Thursday, March 18, 2010

Puns, Puns, Puns Everyone Loves Puns

Puns
can make you laugh, puns can make you think and puns can make you
groan... Here's a few puns I've gathered from the Internet. I
hope they can make you laugh, think and groan up a storm.
thinkingblue



Alfred Hitchcock on puns
interviewed by Dick Cavett in 1972









I thought I saw an eye doctor on
an Alaskan island, but it turned out to be an optical Aleutian





A rubber band pistol was confiscated from
algebra class, because it was a weapon of math disruption.





No matter how much you push the envelope, it'll
still be stationery.





A grenade thrown into a kitchen in
France would result in Linoleum Blownapart.

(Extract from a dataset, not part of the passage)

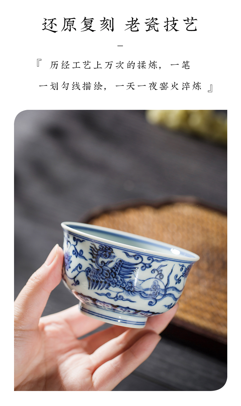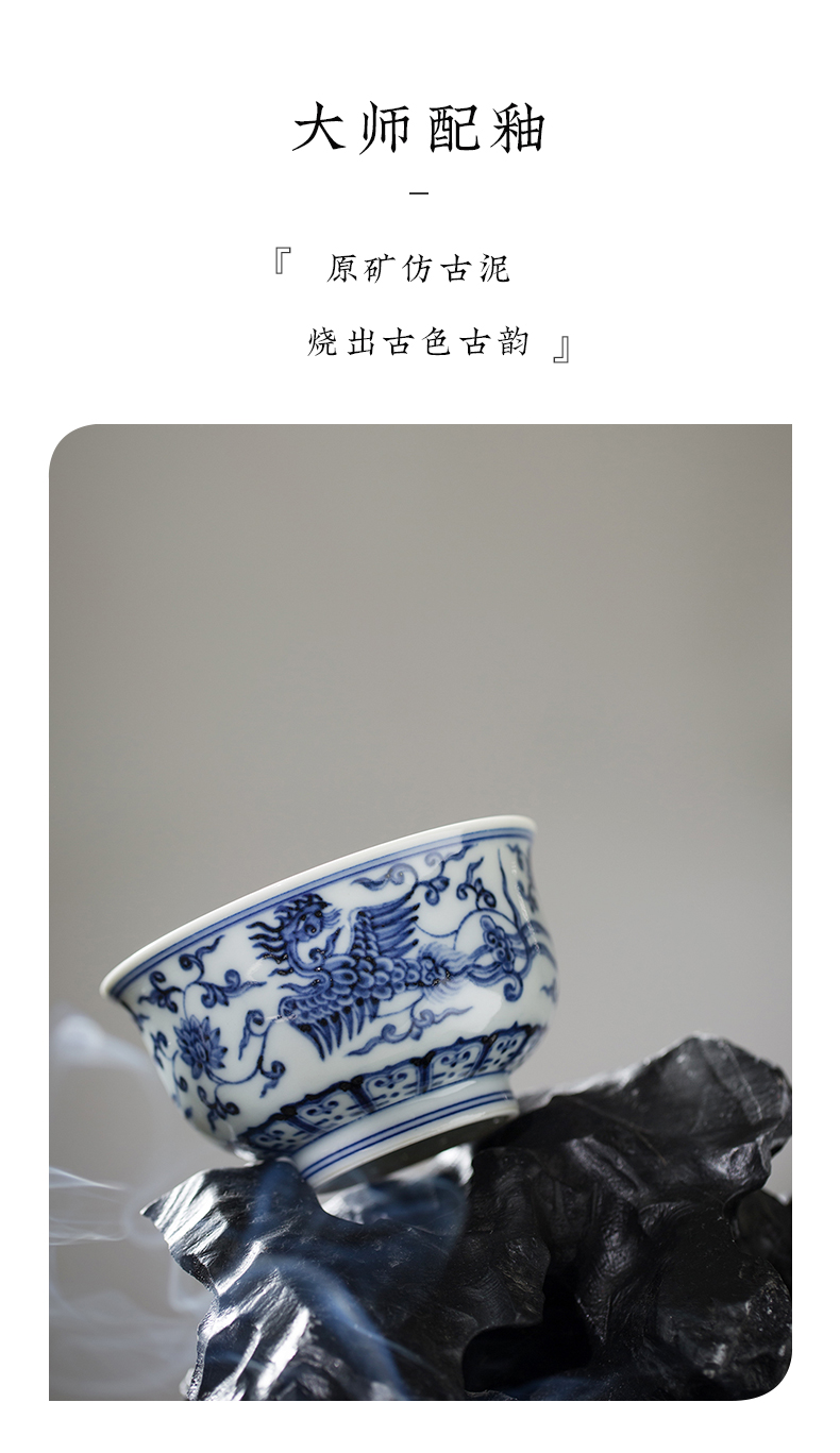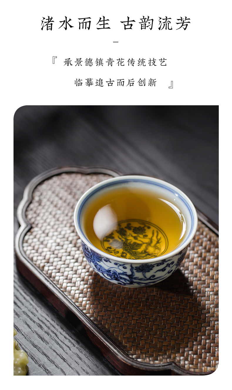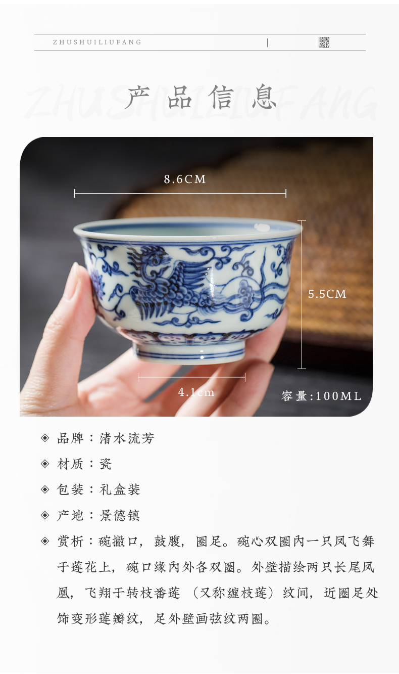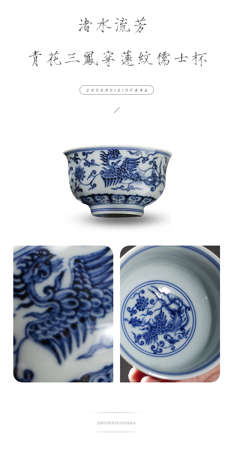 渚水流芳青花三凤穿莲纹儒士杯(缺货)

Atheism is a non-prophet organization.





A small boy swallowed some coins and was taken to
a hospital. When his grandmother telephoned to ask how he
was, a nurse said 'No change yet.'





The man who survived mustard gas and pepper
spray is now a seasoned veteran. When cannibals ate a missionary,
they got a taste of religion.





Don't join dangerous cults: Practice safe
sects







---------------------------------------



Visual Pun





---------------------------------------





---------------------------------------





---------------------------------------





---------------------------------------





---------------------------------------





---------------------------------------





---------------------------------------





If a person
spouts bad puns all day long, what should happen to him.



He should get
Capital Pun...ishment!





A pun, or
paronomasia, is a form of word play that deliberately exploits an
ambiguity between similar-sounding words for humorous or
rhetorical effect. Such ambiguity may arise from the intentional
misuse of homophonical, homographical, homonymic, polysemic,
metonymic, or metaphorical language.



By definition, puns must be deliberate; an involuntary
substitution of similar words is called a malapropism.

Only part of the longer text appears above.